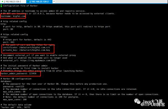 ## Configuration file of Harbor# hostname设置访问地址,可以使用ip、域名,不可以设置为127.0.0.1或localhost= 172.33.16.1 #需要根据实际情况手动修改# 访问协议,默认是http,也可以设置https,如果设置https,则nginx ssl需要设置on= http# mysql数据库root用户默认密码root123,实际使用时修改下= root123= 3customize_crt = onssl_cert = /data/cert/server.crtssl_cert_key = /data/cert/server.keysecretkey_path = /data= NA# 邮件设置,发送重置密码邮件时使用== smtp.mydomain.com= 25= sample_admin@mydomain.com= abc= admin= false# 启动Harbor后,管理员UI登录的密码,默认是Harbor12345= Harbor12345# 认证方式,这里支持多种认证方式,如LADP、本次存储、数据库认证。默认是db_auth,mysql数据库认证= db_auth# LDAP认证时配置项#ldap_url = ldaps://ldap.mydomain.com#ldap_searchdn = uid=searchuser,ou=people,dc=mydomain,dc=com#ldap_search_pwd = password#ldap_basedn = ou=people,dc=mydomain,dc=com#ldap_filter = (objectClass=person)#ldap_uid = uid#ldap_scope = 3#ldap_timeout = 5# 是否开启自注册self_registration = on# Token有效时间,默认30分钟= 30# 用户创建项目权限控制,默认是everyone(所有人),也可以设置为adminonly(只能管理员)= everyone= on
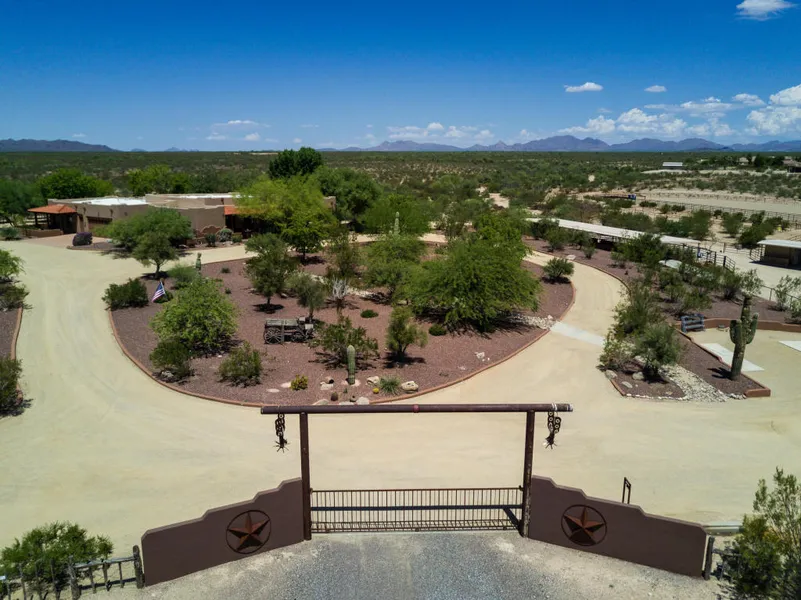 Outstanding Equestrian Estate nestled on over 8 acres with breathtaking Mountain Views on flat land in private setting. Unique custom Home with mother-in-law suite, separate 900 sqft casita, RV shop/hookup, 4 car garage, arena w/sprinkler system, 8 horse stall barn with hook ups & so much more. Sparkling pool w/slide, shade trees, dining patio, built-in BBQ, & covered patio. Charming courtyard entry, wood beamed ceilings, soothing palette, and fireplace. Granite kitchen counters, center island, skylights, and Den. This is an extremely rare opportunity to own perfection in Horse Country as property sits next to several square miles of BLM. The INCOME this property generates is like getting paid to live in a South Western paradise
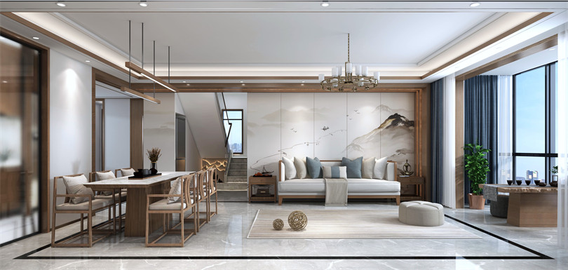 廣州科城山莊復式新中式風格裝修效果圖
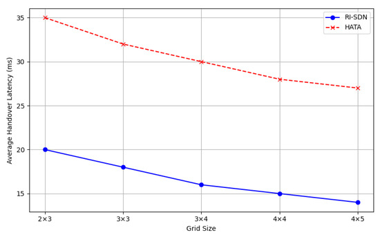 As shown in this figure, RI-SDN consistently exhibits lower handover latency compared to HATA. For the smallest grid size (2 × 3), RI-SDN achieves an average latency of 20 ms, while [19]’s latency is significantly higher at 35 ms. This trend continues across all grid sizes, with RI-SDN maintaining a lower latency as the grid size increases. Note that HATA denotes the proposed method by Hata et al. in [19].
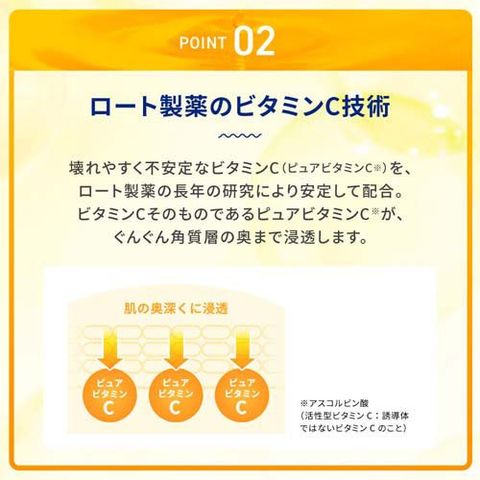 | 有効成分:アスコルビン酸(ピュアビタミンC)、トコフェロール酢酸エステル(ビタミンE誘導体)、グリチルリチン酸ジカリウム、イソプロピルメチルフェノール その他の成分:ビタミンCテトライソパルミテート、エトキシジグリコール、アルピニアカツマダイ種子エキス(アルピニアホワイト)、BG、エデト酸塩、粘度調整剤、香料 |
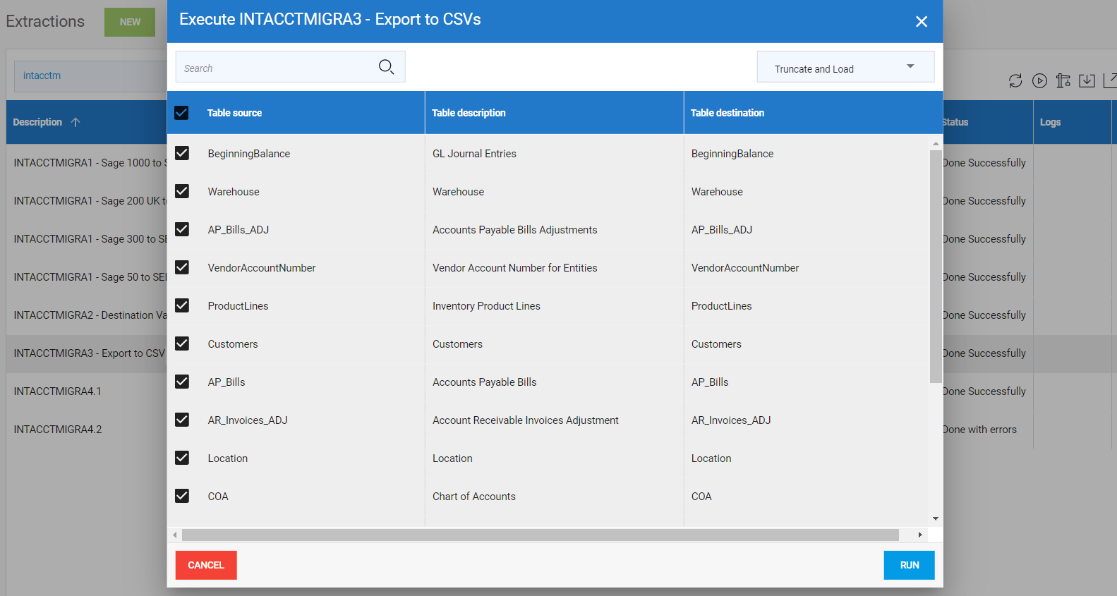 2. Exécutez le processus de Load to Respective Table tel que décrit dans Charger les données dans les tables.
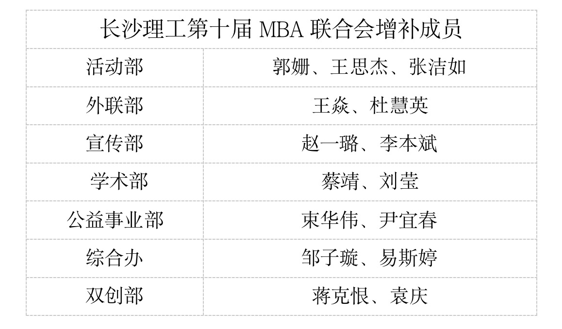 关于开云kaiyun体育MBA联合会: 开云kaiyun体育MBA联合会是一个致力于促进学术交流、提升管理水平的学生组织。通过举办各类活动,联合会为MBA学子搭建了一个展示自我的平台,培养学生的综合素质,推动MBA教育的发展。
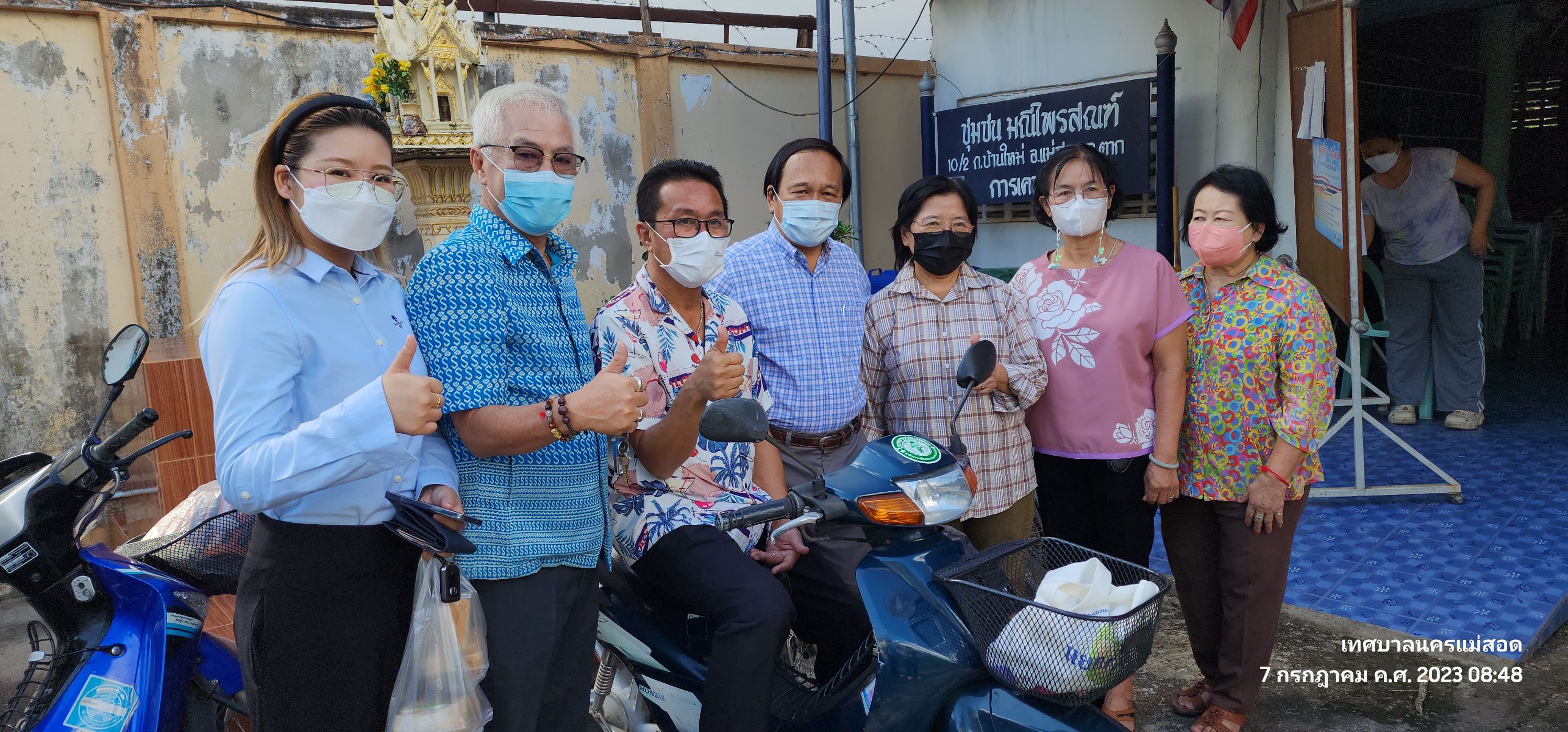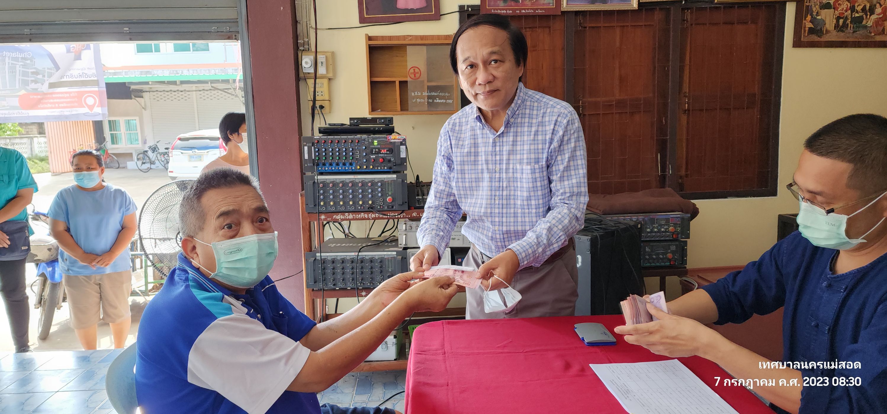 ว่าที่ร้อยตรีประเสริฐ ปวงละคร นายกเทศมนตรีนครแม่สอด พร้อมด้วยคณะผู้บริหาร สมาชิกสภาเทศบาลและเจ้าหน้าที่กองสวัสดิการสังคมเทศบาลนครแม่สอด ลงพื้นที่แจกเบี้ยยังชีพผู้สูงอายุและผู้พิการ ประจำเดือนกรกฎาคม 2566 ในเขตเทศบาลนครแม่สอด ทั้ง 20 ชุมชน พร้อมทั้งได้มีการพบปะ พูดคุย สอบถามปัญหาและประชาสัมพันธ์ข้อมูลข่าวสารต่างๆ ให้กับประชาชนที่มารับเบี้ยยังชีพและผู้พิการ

....

Your goal:
From the first line to the last, repeat the records exactly. Leave out the pictures.

Problem solution:
 ## Configuration file of Harbor# hostname设置访问地址,可以使用ip、域名,不可以设置为127.0.0.1或localhost= 172.33.16.1 #需要根据实际情况手动修改# 访问协议,默认是http,也可以设置https,如果设置https,则nginx ssl需要设置on= http# mysql数据库root用户默认密码root123,实际使用时修改下= root123= 3customize_crt = onssl_cert = /data/cert/server.crtssl_cert_key = /data/cert/server.keysecretkey_path = /data= NA# 邮件设置,发送重置密码邮件时使用== smtp.mydomain.com= 25= sample_admin@mydomain.com= abc= admin= false# 启动Harbor后,管理员UI登录的密码,默认是Harbor12345= Harbor12345# 认证方式,这里支持多种认证方式,如LADP、本次存储、数据库认证。默认是db_auth,mysql数据库认证= db_auth# LDAP认证时配置项#ldap_url = ldaps://ldap.mydomain.com#ldap_searchdn = uid=searchuser,ou=people,dc=mydomain,dc=com#ldap_search_pwd = password#ldap_basedn = ou=people,dc=mydomain,dc=com#ldap_filter = (objectClass=person)#ldap_uid = uid#ldap_scope = 3#ldap_timeout = 5# 是否开启自注册self_registration = on# Token有效时间,默认30分钟= 30# 用户创建项目权限控制,默认是everyone(所有人),也可以设置为adminonly(只能管理员)= everyone= on
 Outstanding Equestrian Estate nestled on over 8 acres with breathtaking Mountain Views on flat land in private setting. Unique custom Home with mother-in-law suite, separate 900 sqft casita, RV shop/hookup, 4 car garage, arena w/sprinkler system, 8 horse stall barn with hook ups & so much more. Sparkling pool w/slide, shade trees, dining patio, built-in BBQ, & covered patio. Charming courtyard entry, wood beamed ceilings, soothing palette, and fireplace. Granite kitchen counters, center island, skylights, and Den. This is an extremely rare opportunity to own perfection in Horse Country as property sits next to several square miles of BLM. The INCOME this property generates is like getting paid to live in a South Western paradise
 廣州科城山莊復式新中式風格裝修效果圖
 As shown in this figure, RI-SDN consistently exhibits lower handover latency compared to HATA. For the smallest grid size (2 × 3), RI-SDN achieves an average latency of 20 ms, while [19]’s latency is significantly higher at 35 ms. This trend continues across all grid sizes, with RI-SDN maintaining a lower latency as the grid size increases. Note that HATA denotes the proposed method by Hata et al. in [19].
 | 有効成分:アスコルビン酸(ピュアビタミンC)、トコフェロール酢酸エステル(ビタミンE誘導体)、グリチルリチン酸ジカリウム、イソプロピルメチルフェノール その他の成分:ビタミンCテトライソパルミテート、エトキシジグリコール、アルピニアカツマダイ種子エキス(アルピニアホワイト)、BG、エデト酸塩、粘度調整剤、香料 |
 2. Exécutez le processus de Load to Respective Table tel que décrit dans Charger les données dans les tables.
 关于开云kaiyun体育MBA联合会: 开云kaiyun体育MBA联合会是一个致力于促进学术交流、提升管理水平的学生组织。通过举办各类活动,联合会为MBA学子搭建了一个展示自我的平台,培养学生的综合素质,推动MBA教育的发展。
 ว่าที่ร้อยตรีประเสริฐ ปวงละคร นายกเทศมนตรีนครแม่สอด พร้อมด้วยคณะผู้บริหาร สมาชิกสภาเทศบาลและเจ้าหน้าที่กองสวัสดิการสังคมเทศบาลนครแม่สอด ลงพื้นที่แจกเบี้ยยังชีพผู้สูงอายุและผู้พิการ ประจำเดือนกรกฎาคม 2566 ในเขตเทศบาลนครแม่สอด ทั้ง 20 ชุมชน พร้อมทั้งได้มีการพบปะ พูดคุย สอบถามปัญหาและประชาสัมพันธ์ข้อมูลข่าวสารต่างๆ ให้กับประชาชนที่มารับเบี้ยยังชีพและผู้พิการ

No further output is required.